On April 19, around 3 a.m., Aaron Hernandez, the former star New England Patriots tight end, scrawled three notes—one to his fiancée Shayanna Jenkins, the mother of his little girl, one to that daughter and a third to his prison friend, supposedly his gay lover. He placed the notes next to an opened Bible to the section on the new testament, John 3:16 “For God so loved the world that he gave his one and only son, that whosoever believes in him would not perish but have eternal life.” The same message he had on his forehead in addition to red marks on his hands and feet in an eerie way mimicking the crucifixion of Jesus Christ
He was found with his bed sheet wrapped around his neck with one tied one end of it to a bar on the window of his cell. A correction officer saw his limp body through the cell door at 3:03 a.m., and tried to resuscitate him. Hernandez was then rushed to UMass Leominster hospital, where he was pronounced dead at 4:07 a.m.

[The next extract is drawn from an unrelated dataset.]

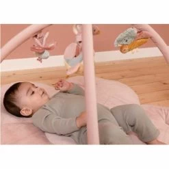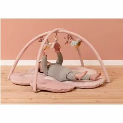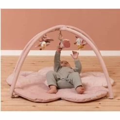 Chaque jour est une aventure nouvelle pour un petit enfant couché sur ce tapis. Le tapis rose a été doté de deux grands arcs en velours côtelé d’où pendent 5 peluches différentes. L’oiseau, le moineau, la fleur et les papillons aident les petits à développer les capacités sensorielles tout en stimulant la coordination main-œil.
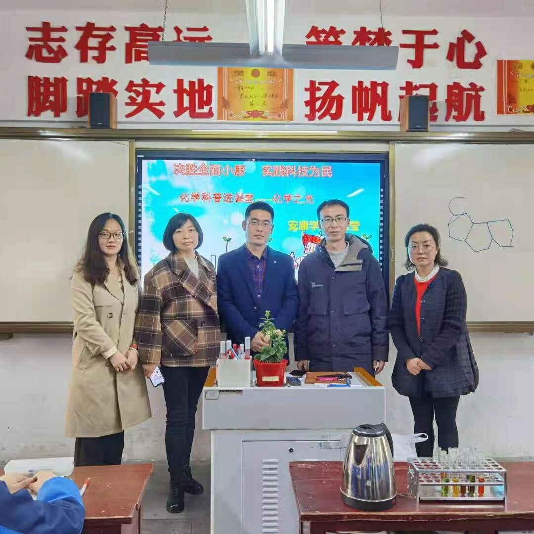 3月25日在黄婷副经理的带领下,英国365集团公司官网“化学之光”科普团赴安康市汉滨区初级中学开展青少年科普宣传活动。

It was a tragic to the former NFL star’s often volcanic life and it came on the same day players on his former team traveled to the White House to celebrate the New England Patriot’s Super Bowl win. Questions immediately began to swirl about why Hernandez, who had been acquitted days earlier in connection with a separate double murder charge stemming from a drive-by shooting in 2012, picked this day to die.
Hernandez, known for never letting go of the gang connections he made growing up. He was convicted in April 2015 for shooting and killing his friend, Odin Lloyd, seemingly without motive. But interviews with multiple law enforcement officials directly involved in the case say Lloyd—a semipro football player who was dating Hernandez’s fiancé’s sister at the time and allegedly had information on Hernandez being bisexual, and the star did not want that information out in the public.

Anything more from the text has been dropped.